■ **Goal of the exercise**
Copy out all of the lines below exactly; the pictures do not belong in the copy.

■ **Dataset section**
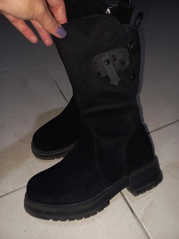 Нереально красивые, новые замшевые сапоги. В магазине клялись что замша натуральная, но она реально добротная. Брали в прошлом году за 1600, обуви всего лишь 1 раз и то в машине. Подошва слегка пыльная и идеальная. Следов носки на замше нет. Смотрятся очень красиво и дорого. Высокие. Высота сапога 21.5, каблучок 4 см. Очень удобные и теплющие. Единственный нюанс - на одной стороне отвалилась стрелочка (беда всех сапог)
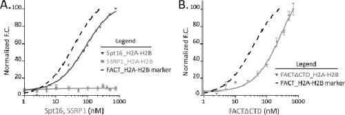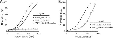 FIGURE 2. Spt16 subunit and its acidic C-terminal domain coordinate high affinity FACT interaction(s) with H2A-H2B.
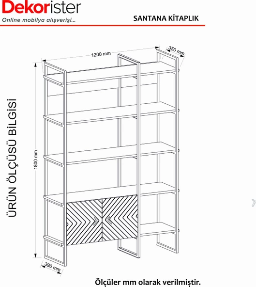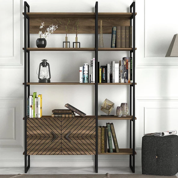 Dekorister Exclusive Santana Demir Kitaplık Ceviz

■ **Completed task**
 Нереально красивые, новые замшевые сапоги. В магазине клялись что замша натуральная, но она реально добротная. Брали в прошлом году за 1600, обуви всего лишь 1 раз и то в машине. Подошва слегка пыльная и идеальная. Следов носки на замше нет. Смотрятся очень красиво и дорого. Высокие. Высота сапога 21.5, каблучок 4 см. Очень удобные и теплющие. Единственный нюанс - на одной стороне отвалилась стрелочка (беда всех сапог)
 FIGURE 2. Spt16 subunit and its acidic C-terminal domain coordinate high affinity FACT interaction(s) with H2A-H2B.
 Dekorister Exclusive Santana Demir Kitaplık Ceviz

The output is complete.